Whole-exome sequencing of two ECM-resistant G3 mice identified an ENU-associated homozygous mutation under the linkage peak on Chr10. The T-to-A transversion in exon 1 of Themis causes a change from isoleucine (I) to asparagine (N) at position 23 (I23N) of the cysteine-containing, all-β in Themis-1 (CABIT-1) domain of THEMIS (Fig. 2A). I23 is invariant in the THEMIS family, and the I23N substitution is nonconservative, suggesting that it is likely to be pathological (Fig. 2A). Genotype-phenotype correlations in additional Melvin-derived mice validated that homozygosity for I23N (ThemisI23N) is fully protective against ECM, while heterozygosity is mildly protective, and all WT mice are ECM susceptible (Fig. 2B). The ECM resistance phenotype of ThemisI23N mice is independent of P. berghei ANKA blood parasitemia between days 1 and 6 (Fig. 2C). In addition, challenging mice with P. chabaudi AS, a malarial parasite whose pathogenesis is limited to blood stage replication without cerebral disease, indicates that ThemisI23N has no effect on the ability of mice to control replication (days 4 to 9) and eradicate (days 9 to 12 and 14 to 18) blood stage parasites (Fig. 2D).
An ENU-induced mutation in the CABIT-1 domain of the THEMIS protein protects against ECM. (A) Whole-exome sequencing identified a T-to-A transversion in exon 1 of the Themis gene causing an isoleucine (I)-to-asparagine (N) amino acid substitution at position 23 in the CABIT-1 domain. Isoleucine at position 23 of the protein is highly conserved across species. Hom., homozygous; PRS, proline-rich sequence. (B) Survival plots of P. berghei ANKA-infected Themis homozygous mutants (ThemisI23N; n = 24), heterozygous mice (ThemisI23N/+; n = 12), and Themis WT or B6 (n = 29) mice. Statistically significant difference between homozygous mutant and WT mice was determined with the log rank test (****, P < 0.0001). Data are compiled from 13 independent infections. (C) The courses of P. berghei ANKA blood parasitemia in WT B6 controls and ThemisI23N homozygous mice are similar (n = 5/group). (D) ThemisI23N homozygous mutants (n = 3) challenged with P. chabaudi parasites are resistant to blood-stage malaria and display blood parasitemia similar to that of B6 controls (n = 5).
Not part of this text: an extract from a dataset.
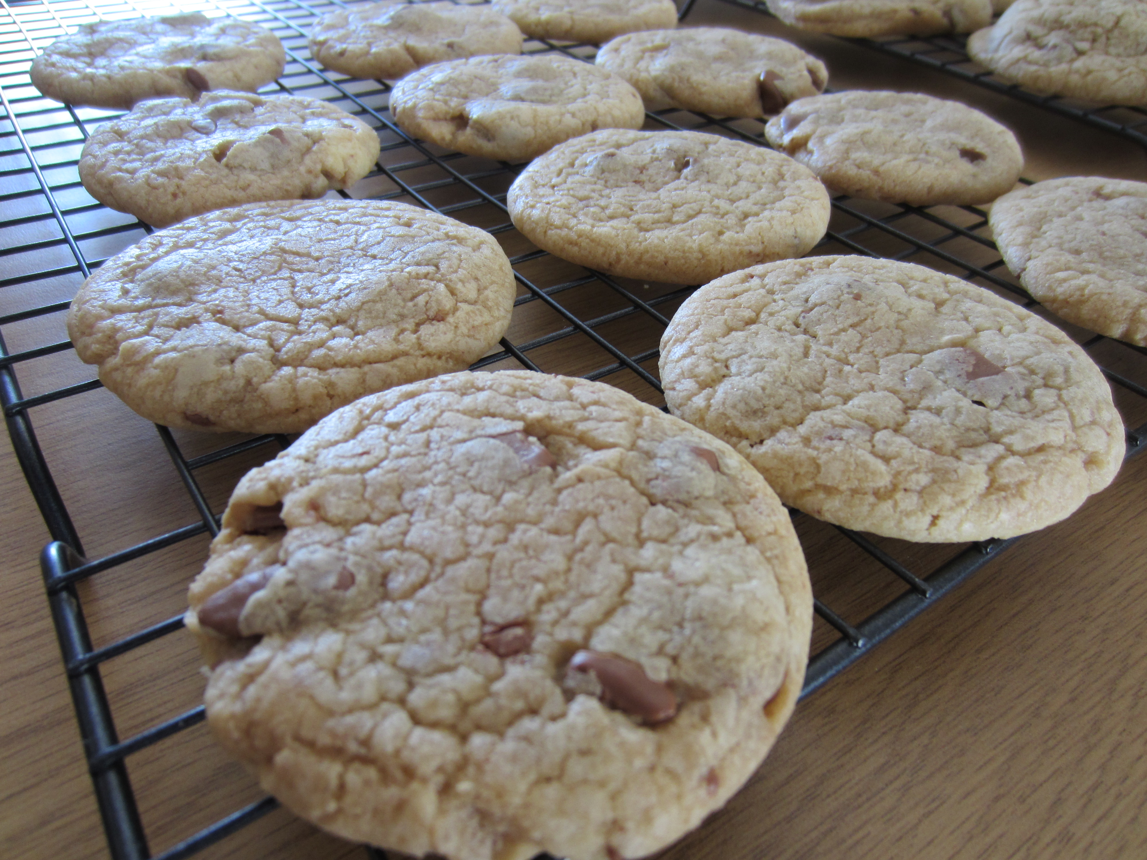 One of my many baking missions is to find the perfect choc chip cookie recipe. There are countless methods and takes on this “classic biscuit” leaving you with endless options, depending on your preference. They vary from crunchy to chewy and from sweet to salty. For me personally, as long as the choc chips are delicious and not “baking chocolate” I am satisfied 🙂 For this reason I always use chopped up Cadbury dairy milk when a recipe calls for some choc chips as it tastes divine and you’re able to decide their size.

Data are compiled from two independent experiments. (C, D) Data are expressed as means ± standard deviations for each group. Statistical analysis was performed with the two-tailed unpaired Student t test (n.s., nonsignificant).
THEMIS is a 73-kDa protein expressed in the thymus, spleen, and lymph nodes (23–25). We found that expression of THEMIS protein was very low in the thymi of homozygous ThemisI23N mutant mice, while heterozygous mutants showed expression levels similar to those of B6 or 129S1/SvImJ WT mice (Fig. 3A). Expression of the THEMISI23N variant was extremely low in sorted CD4+ CD8+ DP thymic lymphocytes, and was undetectable in all other sorted T cell populations from the thymus or spleen (Fig. 3B). We found that the mutation had no effect on mRNA expression in sorted T cells (Fig. 3C). To investigate a possible effect of the mutation on protein stability, HEK293 cells stably expressing the WT or ThemisI23N variants were treated with CHX and analyzed by immunoblotting (Fig. 3D and E). The THEMISI23N variant shows a half-life drastically shorter (estimated at ∼6 h) than that of the WT (>12 h), strongly suggesting that the I23N mutation impairs protein stability, resulting in low levels of THEMISI23N expression in vivo.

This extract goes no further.